―― それぞれに合った書き方が存在してきそうですね。また電子書籍の普及で、情報を発信しやすくなってプロとアマの垣根も、低くなるかもしれないですね。
安田佳生氏: 別の形のプロっていうことになるんじゃないですか?漫画を描くプロと、文章を書くプロと、音楽作るプロみたいなもので。
―― なるほど。電子書籍のプロですね。
安田佳生氏: 今は、まだ少ないから誰でも読んでくれますけど、当然書く人が増えたら、その中で読まれるものはそれなりのプロになるのではないでしょうか。
―― 読み手としてはどういった期待をされますか。
安田佳生氏: 僕は、採用の仕事をずっとやっていました。昔は就職は情報誌だったんですよ。紙だったのです。それがいち早くWeb化されて、検索できますよね。そうすると、昔みたいなパラパラっとめくっていたら面白そうな感じのものがあったというような偶然性がなくなるのではないかと思います。条件を入れて検索すると最終的に自分が知っている業種とか、知っているところまでしか行きつかない。本の場合も、本屋行ってたまたま歩いてたら、ちょっと手に取った本が自分の人生変えたりするという。電子化されると、そういう偶然性がたぶん無くなるのではないかという気がしていまして、それは非常に残念ですね。自分で本を購入する際、自分の知っている本を買うか、興味あるジャンルから探すかするので。本当はそうではないものが、結構人生に影響を与えると思うのですが。
―― それはありますね。偶然性、の概念が変化するのだと思います。今ですと何か買ったら、『あなたこういうのも好きじゃないですか?』というのを結局、同ジャンルの中から選んだりしますよね。それが、面白いプログラミングというかアルゴリズムで、全く関係のない反対のものも出てくれたらいいですね。偶然性とは言い難いところはありますが。

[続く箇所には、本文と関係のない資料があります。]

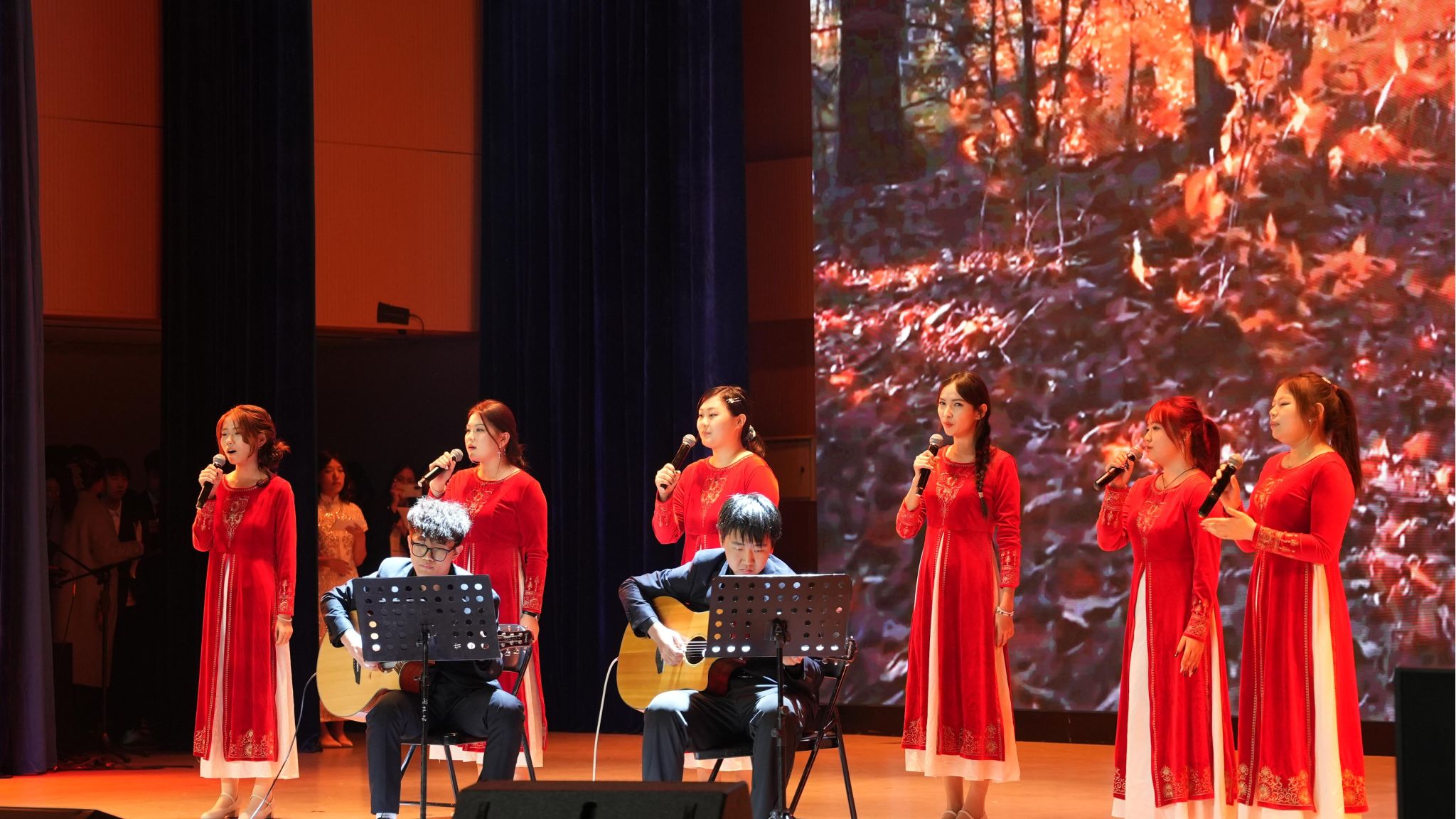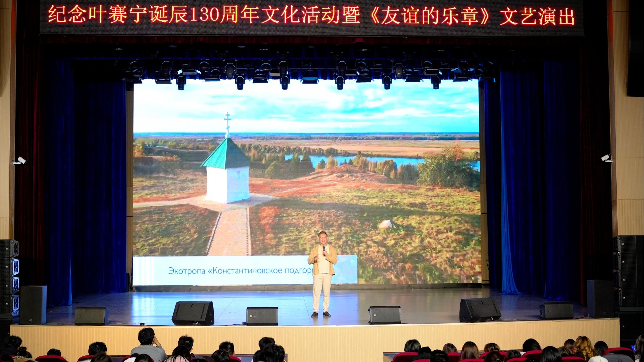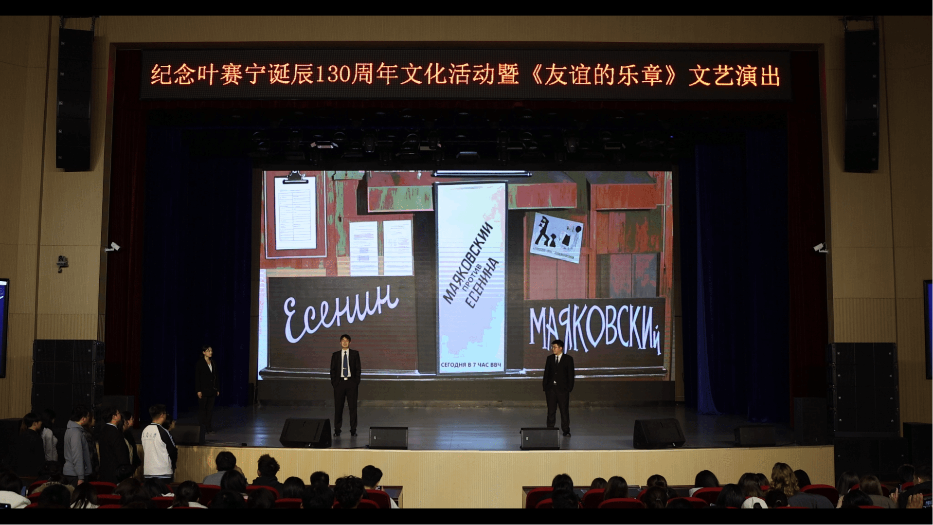 26日下午,学校举办《友谊的乐章》文艺演出,演出以“诗与歌——友谊的桥梁”为主题,分为上下两个篇章。上半场由“拉杜尼察”艺术团带来《金色的丛林已不再说话》、《库帕拉节》、《巴拉莱卡琴》、《萨马拉歌谣》、《窗前明月》、《毡靴》等经典诗歌演唱与民谣表演,生动展现了叶赛宁诗歌在音乐中的多样表达与俄罗斯民间艺术的独特魅力。下半场为中俄学生联袂演出,话剧《诗歌对决》以戏剧形式呈现叶赛宁与马雅可夫斯基的文学对话,折射出二十世纪初俄罗斯诗坛的思想碰撞;随后,中俄学生共同合唱《明天的幸福鸟》,表达了两国青年对和平与未来的共同向往。最后,民乐合奏《新赛马》与《金蛇狂舞》以激昂的节奏与中国传统乐韵为整场演出画上圆满句号。

安田佳生氏: そこをうまくアレンジした検索機能を考えたら、すごくヒットするのではないでしょうか。それから偶然というのは、文字通りの偶然ではなくて、偶然の必然みたいなものですよ。人との出会いなんかもそうだと思います。
―― ちょっと雨の位置が1センチずれただけでも、いろんなことが変わって来ますよね理論上は。そこに人の足が乗ることによってこけるかもしれない、こけないかもしれない。そこに分岐点があって、こけていなかったら面接に間に合って受かったかもしれない。こけていたら、落ちていたかもしれない。しかし落ちたことによって・・・きりがないのですが(笑)。
安田佳生氏: そういうのから、成り立っていますよね、人の出会いも。例えば、なかなか彼氏のできない女の子で、しかしすごく大好きな人がいつか現れると思っている。そうじゃなくて今、知っている人の中で、なにかのきっかけがあってだんだん好きになっていくというのが、たぶん通常の恋愛であると思うのです。だから、何か理由があって本を読むんじゃなくて、たまたま読んだ本が自分にとってなくてはならない本になる、というようなものになると思います。
―― 人智を超えたところ、は欲しいですね。
安田佳生氏: 可能性は、雨が降るかどうかで無限大にある訳じゃないですか。でもその無限大の可能性だけの問題ではなくて、こけたということは運命なのですよ。それによって何を得るかっていうことではないでしょうか。こけないとしたらそれもまた運命ですしね。掴むかどうかですね。